TASK REQUIREMENTS
Find the line that contains "Disconnect the large" in the records below, then repeat exactly that line and each one after it, leaving pictures out.

[Extracted records]
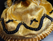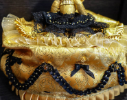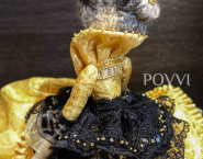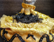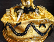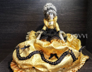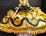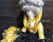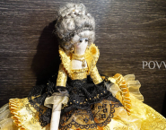 Pompadour is dressed in gold; is 50 cm tall and has hair of original sheep wool.
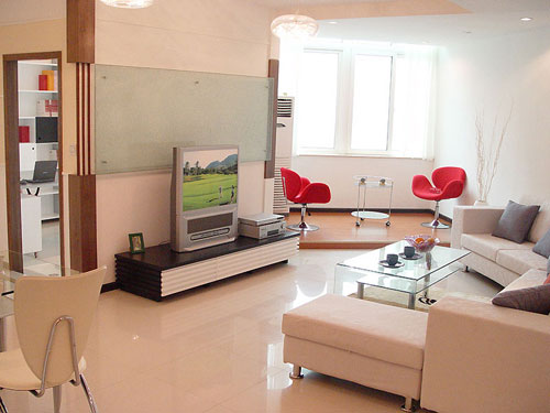 在空間功能分割上,電視背景墻把書房和客廳區分開來,通過鋪裝不同顏色和材質的瓷磚及地板,客廳、衛生間和餐廳三個功能區也得到區分,和原來相比,功能分區不但清晰,而且十分有序。需要提醒注意的是,餐區和客廳的分割線,也就是瓷磚和地板的結合線一定要和客廳斜邊垂直,化不規整為規整。
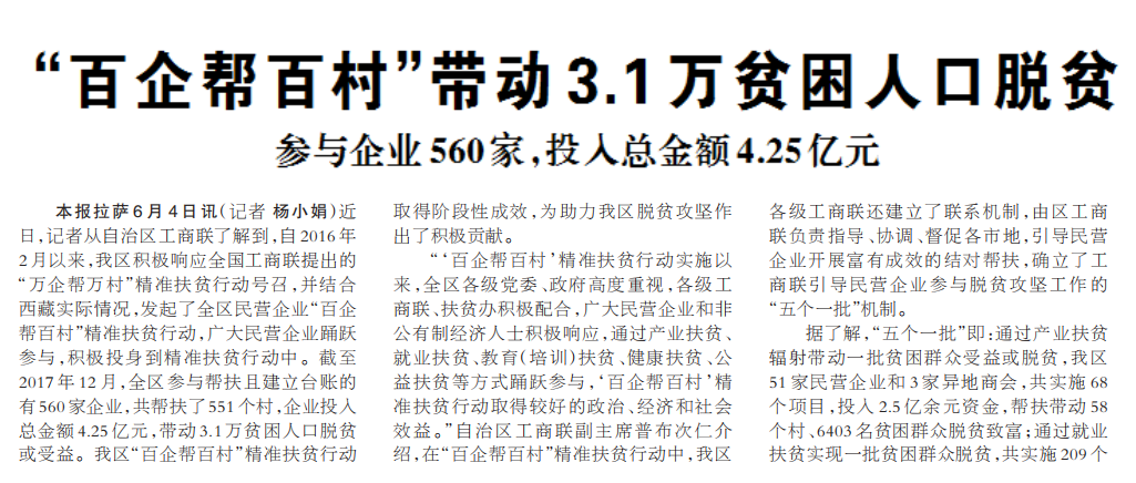 本报拉萨6月4日讯(记者 杨小娟)近日,记者从自治区工商联了解到,自2016年2月以来,我区积极响应全国工商联提出的“万企帮万村”精准扶贫行动号召,并结合西藏实际情况,发起了全区民营企业“百企帮百村”精准扶贫行动,广大民营企业踊跃参与,积极投身到精准扶贫行动中。截至2017年12月,全区参与帮扶且建立台账的有560家企业,共帮扶了551个村,企业投入总金额4.25亿元,带动3.1万贫困人口脱贫或受益。我区“百企帮百村”精准扶贫行动取得阶段性成效,为助力我区脱贫攻坚作出了积极贡献。
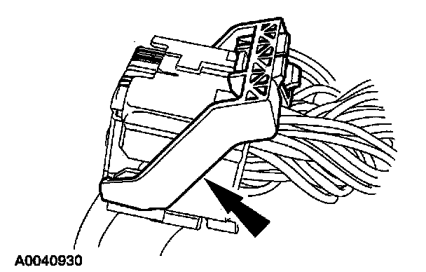 Disconnect the large restraints control module (RCM) electrical connector.
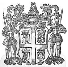 Two men in complete armor with their beavers (visors) open, on their helmets three ostrich feathers Argent, each charged on the breast with a cross throughout Gules, and each holding a lance proper in his exterior hand.

TASK SOLUTION
 Disconnect the large restraints control module (RCM) electrical connector.
 Two men in complete armor with their beavers (visors) open, on their helmets three ostrich feathers Argent, each charged on the breast with a cross throughout Gules, and each holding a lance proper in his exterior hand.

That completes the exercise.